安価『悪戯』

 今日も蝉の鳴き声で目が覚めた。
 夏休みも残り半分ほどになり、そろそろ宿題に取りかからないと新学期に大変なことになるな…などと半分寝ぼけた頭で考えつつも、真夏日が続くこの時期、なにもする気力が起きないでいた。
 いや、宿題をすべてきちんとやっていったとしても、やはり大変なことになるはずだ。
 なぜなら、夏休み前の俺と、今の私が同一人物だとは、皆にわかには信じられないだろうから。
 夏休みに入ってすぐ、女体化の兆候が見られた俺は、同級生に会わないようにするために、祖父母の住む田舎で暮らしてきたのだ。
 1週間ほどで、俺の体は完全に女性のそれになった。
 胸は大きくふくらみ、骨盤が大きくなったせいで腰がくびれ、178cmあった身長も150cmに満たないほどになっている。
 祖父母は最初は確かに驚いていたが、今では普通に孫娘として接してくれている。
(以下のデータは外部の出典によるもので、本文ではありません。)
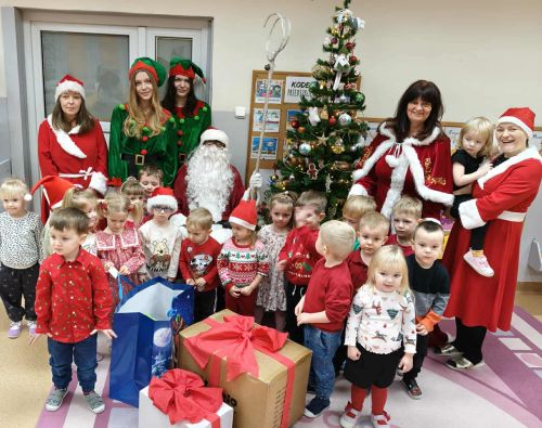 A oto nasi Wolontariusze w akcji! Jak co roku, grupa uczniów wcieliła się w role elfów i Świętego Mikołaja, aby umilić przedszkolakom mikołajkowe świętowanie.

そんな環境に、何とか女体化した自分にも慣れてきていた。
 最初は外に出るのが怖かったが、ここには同級生の目がないので、今では普通に外出できるようになっていた。
 祖父母の家で飼われている犬の散歩に、近くを流れる川の河川敷を歩く。
 近所の小学生たちだろうか、子供たちが河原で水遊びをしていた。そんな姿をほほえましく眺めながら歩いていく。
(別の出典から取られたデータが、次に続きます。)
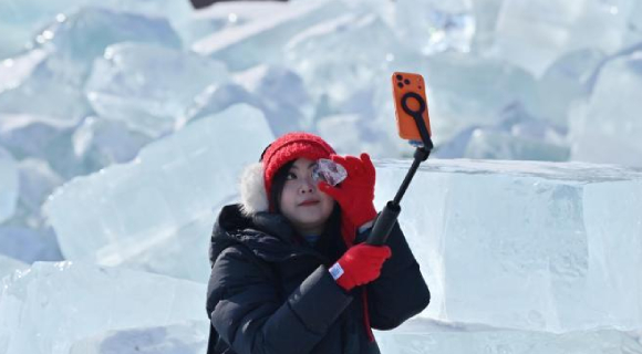 长春打造“蓝冰”景观 市民打卡体验“冰川世界”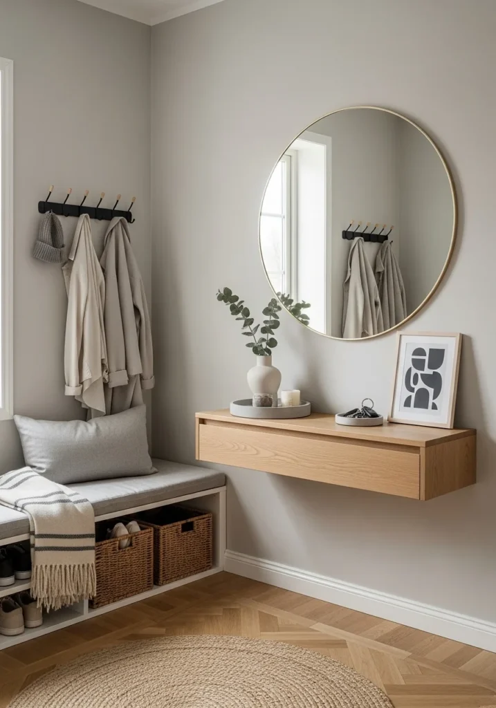 Wall hooks replace bulky furniture, offering practical storage while maintaining an open, airy layout. A small bench or floating shelf adds convenience without crowding the space. Neutral colors — such as warm whites, taupe, or beige — foster a sense of calm and serenity.

 河川敷の広場で、犬とボール遊びに戯れていると、急に背中に冷たい水がかけられて驚いて振り向くと、さっきまで河原で遊んでいた子供たちが水鉄砲を持って走りさって行くのが見えた。
「こらー!まちなさーい!」
 そう怒鳴ってみたところで、彼らが止まるはずもない。あきらめて犬を連れて帰ることにした。
 土手道を家に向かって歩き、橋のたもとにさしかかったとき、おそらく橋の下に隠れていただろう子供たちが、今度は私のスカートをめくって駆け足で逃げていった。
「わーいわーい!スケスケブラウスとピンクのパンツだ~っ!」
 子供たちは無邪気な悪戯のつもりなのだろうけど、あとで家に連絡して、親御さんにたっぷり叱って貰おうと心に決めた。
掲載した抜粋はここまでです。